Additionally, employers have a legal duty to protect staff from discrimination. Currently, menopause is not a specifically protected characteristic under the Equality Act 2010 and employment tribunal claims have therefore usually been categorised as age, disability or sex discrimination under this Act. Claims of unfair dismissal have also previously been brought in connection with the menopause where employees had been dismissed in response to poor performance or attendance as a result of their symptoms disrupting their working routine.

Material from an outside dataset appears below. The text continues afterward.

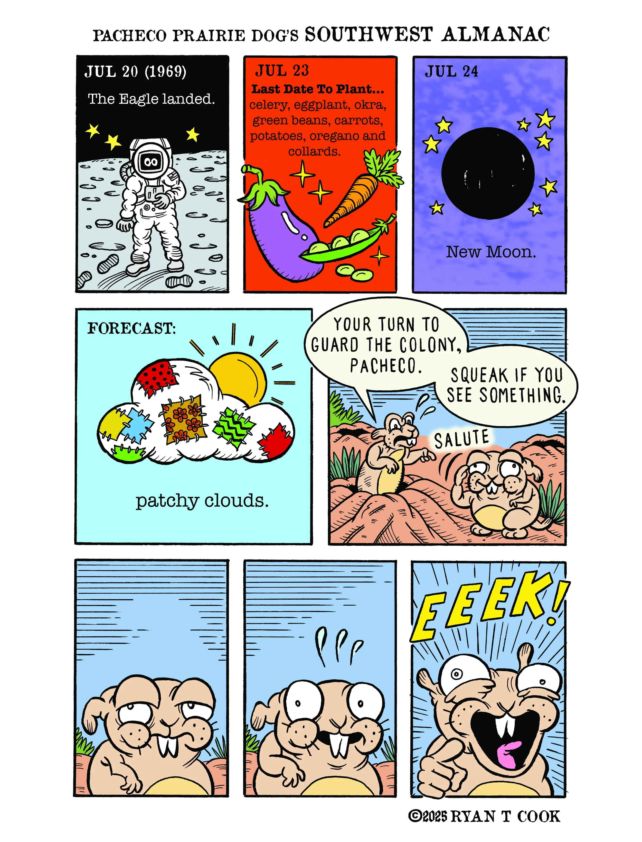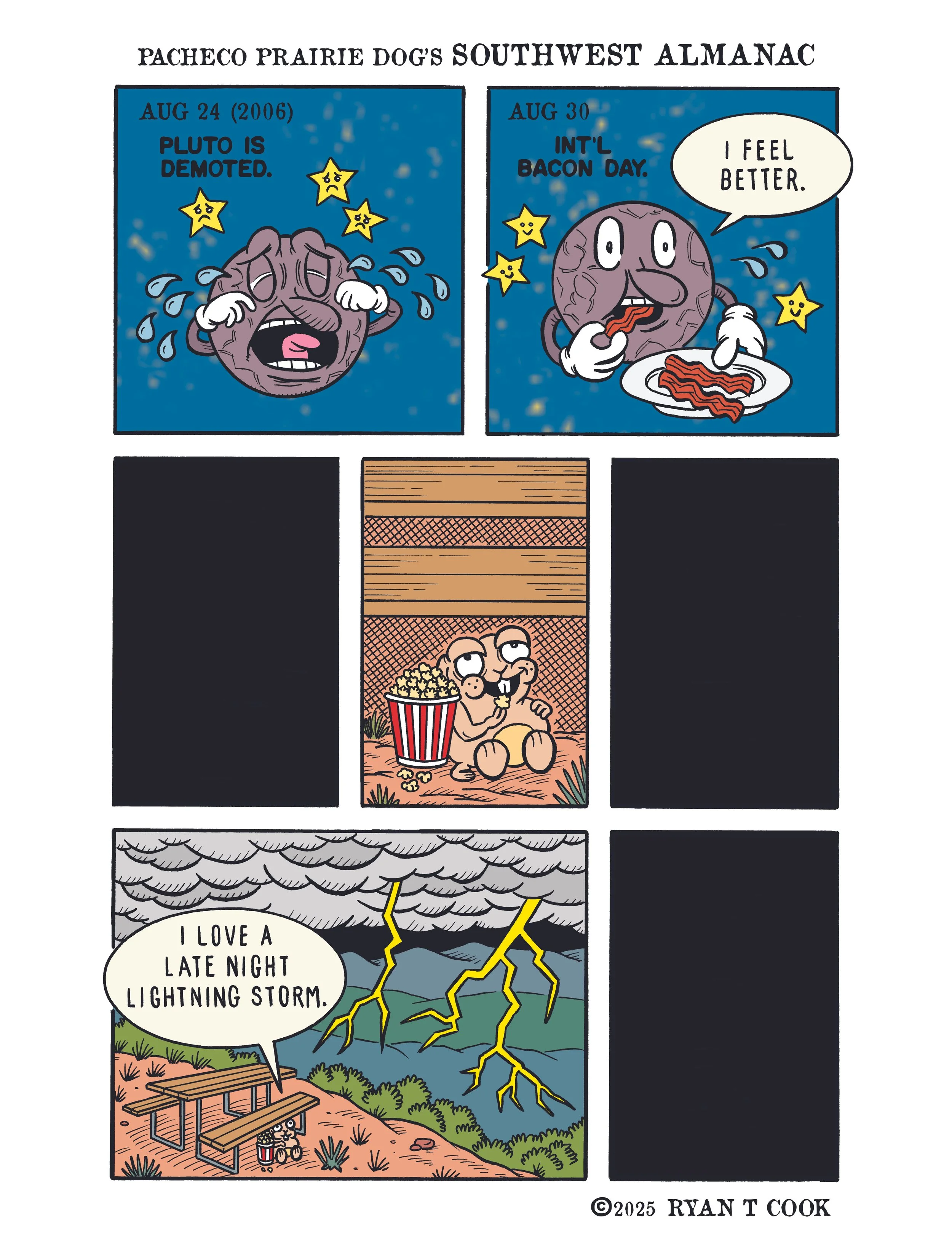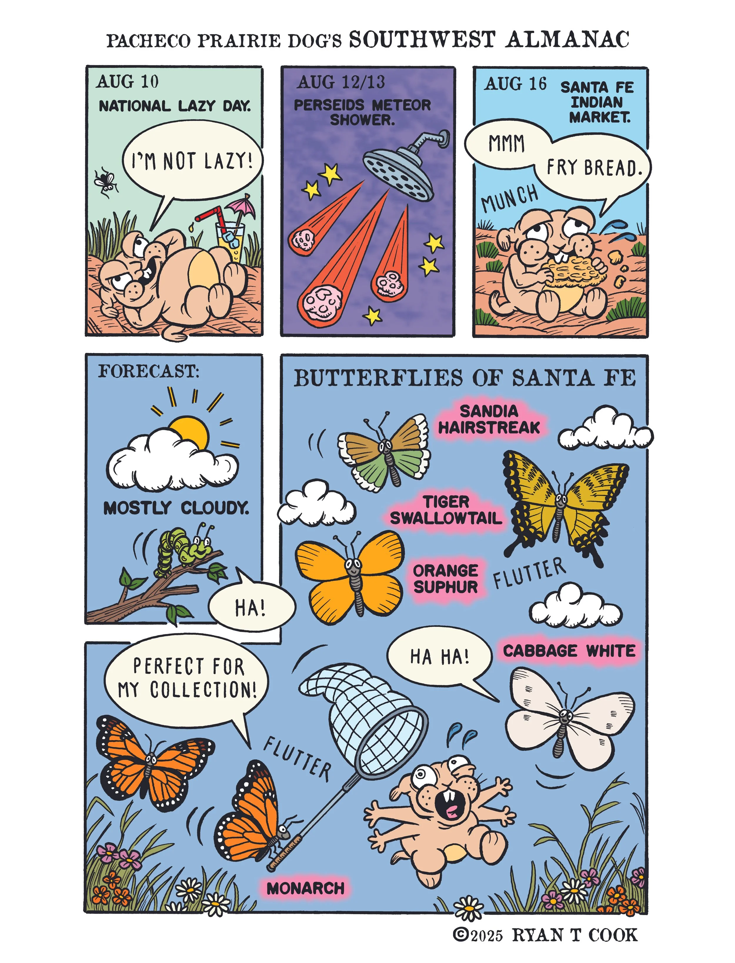 “Pacheco Prairie Dog’s Southwest Almanac” appears in the Sunday Edition of the 175+ year old Santa Fe New Mexican. Sunday Color Comics are an American cultural tradition. Read Pacheco every Sunday!

Current obligations on employers as contained within the Equality Act 2010 includes the requirement to make reasonable adjustments. This is applicable if an employee meets the definition of disabled within this same Act. In order for Menopause to be considered a disability, an employee would need to show that their symptoms have a substantial and long-term effect on their ability to carry out normal day-to-day activities. Substantial means ‘more than trivial’, and long-term means ’12 months or more’.

There have been a number of tribunal cases which have already found menopausal symptoms can amount to a disability. However, if an employee’s symptoms do not satisfy the established legal test, it would still be prudent for employers to consider adjustments where possible to mitigate their symptoms and assist them to continue working well in their role.

Other ways that employers could offer support would be to introduce a menopause policy which can be included in the employee handbook. This policy can include information on the support available including adjustments that will be considered. It would also be best practice to ensure that line managers or nominated persons are prepared to discuss any points regarding menopause that employees may need to raise and to make suitable decisions in line with said policy.